Because every service is a singleton. & calling $injector.get() still gives me the same instance everytime.
How can I use multiple instances of a service inside another service? Keeping in mind that the declaration of my non-singleton class, must not pollute the global namespace etc.
My example is below: (Where I wanted $injector.get('serviceCall') to be a different instance everytime, but I've since discovered it can't be.

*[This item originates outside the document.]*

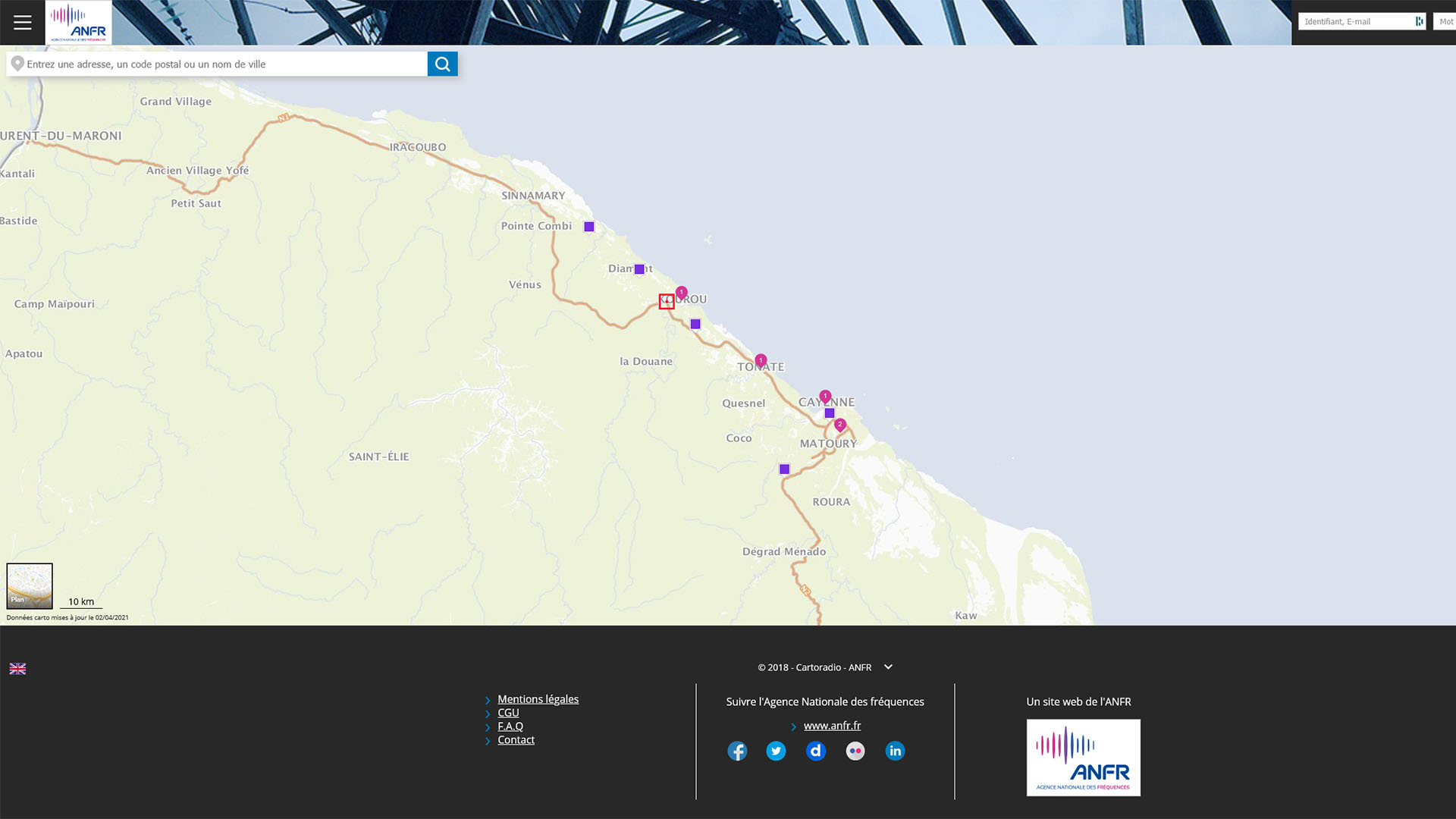 Il est possible de situer l’emplacement de ces cinq premières structures compatibles 5G en Guyane : il suffit pour cela de se rendre sur le site Cartoradio, qui est opéré par l’ANFR. On note qu’elles se trouvent à Cayenne et à Matoury, ainsi que sur la route menant jusqu’à Kourou, le long de la côte. Rien d’étonnant : c’est là que l’essentiel de la population est concentré et qu’on trouve le centre spatial guyanais.

app.factory('reportsService', ['$injector', function ($injector) {
var o = {};
o.getServiceCall = function () {
return $injector.get('serviceCall');
};
o.getOriginCompositionData = function (ajaxOptions) {
ajaxOptions.url = '/test/SpiderRequestOriginComposition';
o.getServiceCall().initialize(ajaxOptions);
};
o.getExeuctionTimeData = function (ajaxOptions) {
ajaxOptions.url = '/test/SpiderRequestExeuctionTime';
o.getServiceCall().initialize(ajaxOptions);
};
o.getCacheCompositionData = function (ajaxOptions) {
ajaxOptions.url = '/test/SpiderRequestCacheComposition';
o.getServiceCall().initialize(ajaxOptions);
};
return o;
}]);
and my serviceCall Service:
app.factory('serviceCall', function () {
var o = {};
o.initialize = function (userOptions) {
o.options = o.getOptions(userOptions);
o.call();
};
o.getOptions = function (userOptions) {
var defaultOptions = {
action: 'post',
url: '', //userOptions
successCallback: '', //userOptions
errorCallback: '', //userOptions
dataType: 'json'
};
var options = $.extend(defaultOptions, userOptions);
return options;
};
o.call = function () {
$.ajax({
type: o.options.action,
url: o.options.url,
data: o.options.data,
success: function (r) {
o.options.successCallback(r);
},
error: function (xhr, textStatus, errorThrown) {
//TODO
},
dataType: o.options.dataType,
contentType: o.options.contentType
});
};
return o;
});
You'll need to implement the factory pattern. Return a service that creates object instances for you.
$injector.get('serviceCall')
will always return a singleton, but there's nothing stopping you making that singleton's job generating new object instances for you.Rather than using $injector, directly DI a serviceCallFactory service, and call methods on that to generate the new serviceCall instances.
Agree with @eddiec.
The thing is, when you're new to angular, you suppose factory is like the design pattern Factory : a function that provides a new instance at each call. However, 'factory' in angular is actually a function that is called only one time and that returns an object that will be "cached". Now, every time you DI with the factory name, this object will be injected, not the factory function.
So, if you want a "real" (the design pattern) Factory, you need to create a function that returns a new object.